Basically the physicists thought I was winding them up and the engineers,
notably including the prof, thought my priorities were all screwed up. I
really did want to know the answer, but in retrospect they were both a little
bit right.

------
ShamelessC
The article got me thinking about the universe's mass distribution.

Is the number of galaxies at any edge of our observable universe similar to
the number of galaxies in our observable universe?

tl;dr does the (entire) universe have a uniform distribution of mass?

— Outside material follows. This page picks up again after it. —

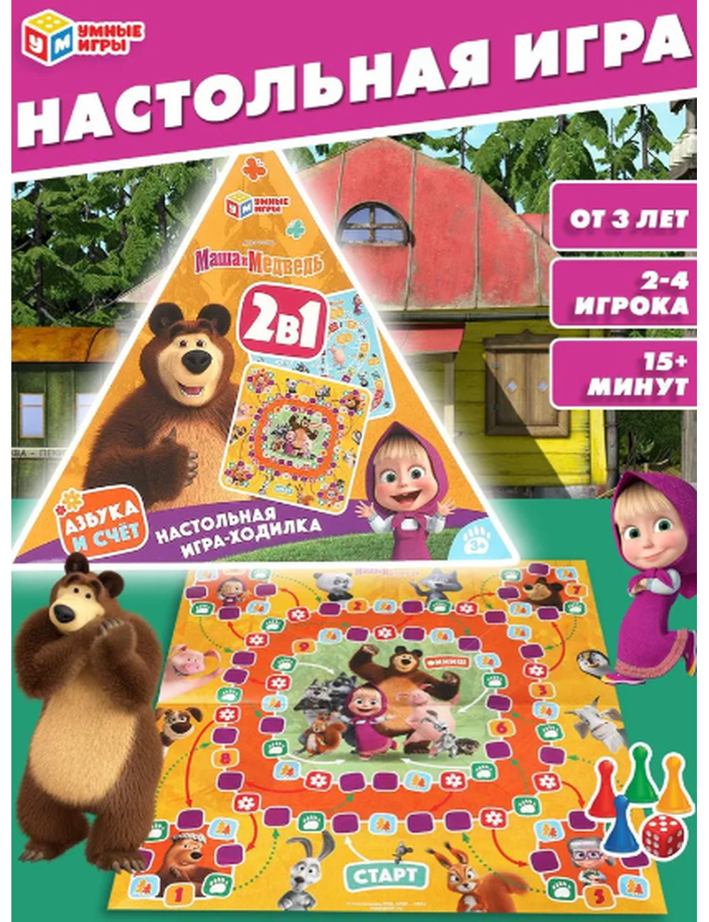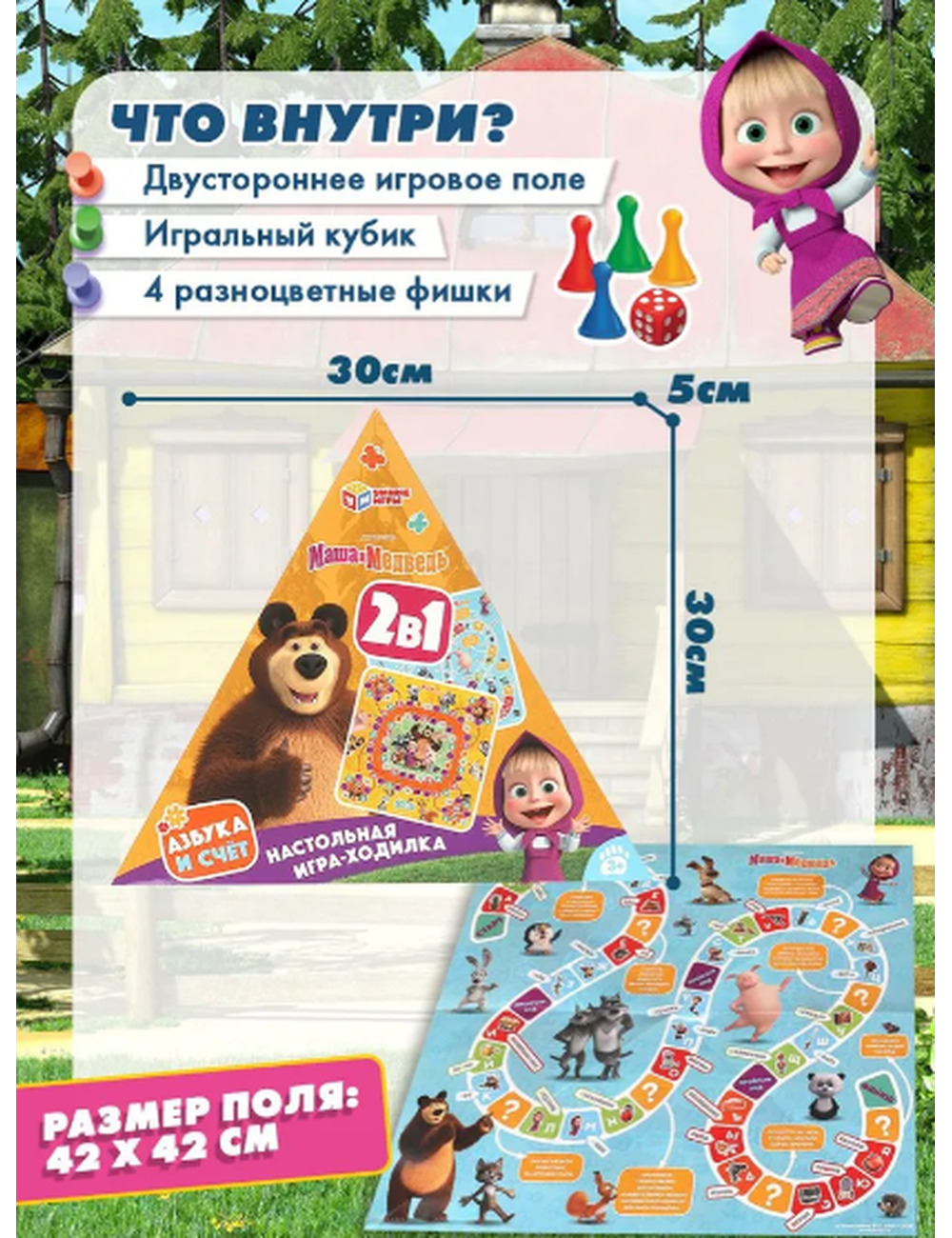 Настольная игра ходилка Маша и медведь Азбука и счёт 2 в 1 – веселое и интересное развлечение, которое порадует как детей, так и взрослых. Игра поможет развить логику, внимание и терпение у ваших детей.

Now, I'm aware that the universe has always been expanding from every point in
all directions since the singularity before the big bang. This means that
effectively 1.) every point in the universe can make the claim of being "at
the center" 2.) none of them can 3.) the question is meaningless

Which of those answers you find satisfying is more of a philosophical question
which I'm not concerned with for this question.

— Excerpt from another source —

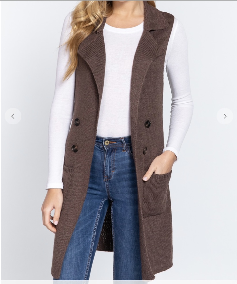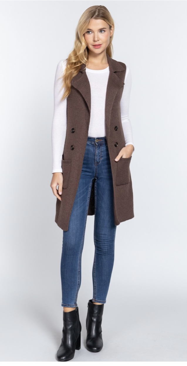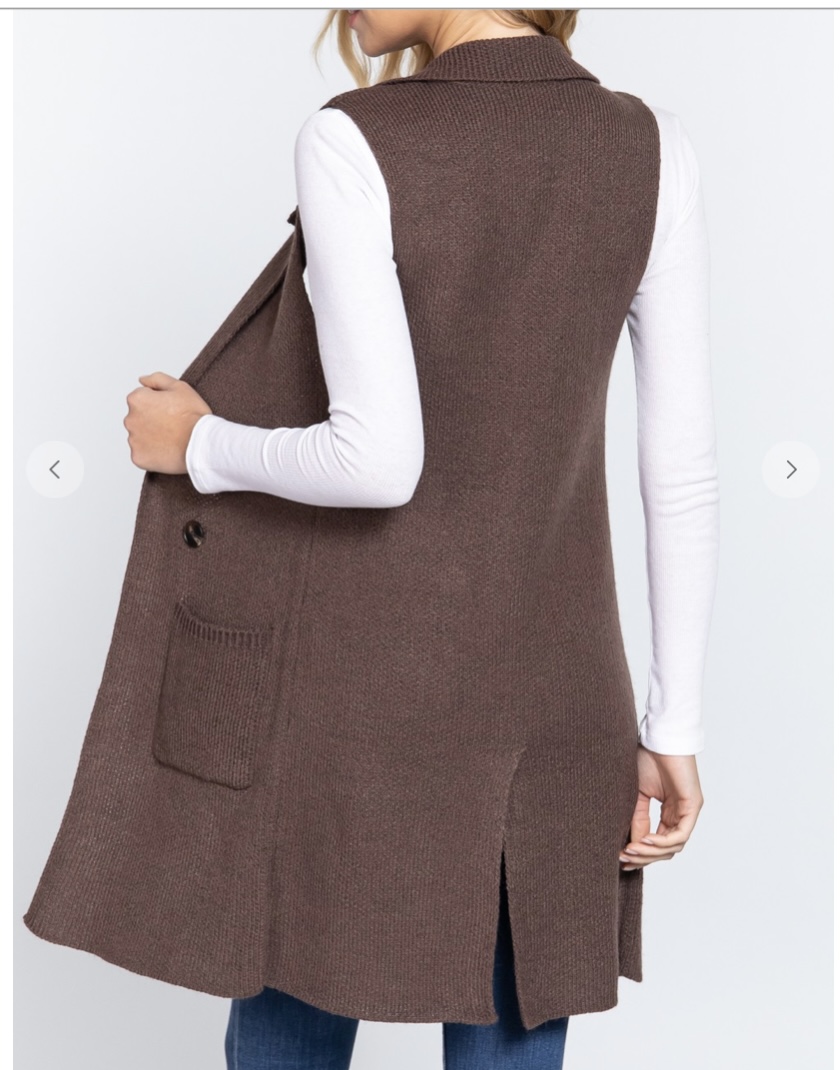 SLEEVELESS NOTCHED COLLAR WITH SIDE POCKET LONG SWEATER VEST IN COCOA BROWN

My question is this - if we were to somehow reach the edge of our universe
instantaneously, simply to observe what things looked like from that point of
view, would we find that there's roughly the same distribution of
stars/galaxies/matter in all directions?

I'm aware that questions with the premise that FTL/instantaneous travel is
possible tend to be "unknowable" to a degree.

Perhaps another way of wording it would be - do we expect the amount of matter
to be of a uniform distribution in every spot in the universe? Is it
impossible to know? Or can we use models of the big bang theory to predict
that the distribution is roughly equal everywhere?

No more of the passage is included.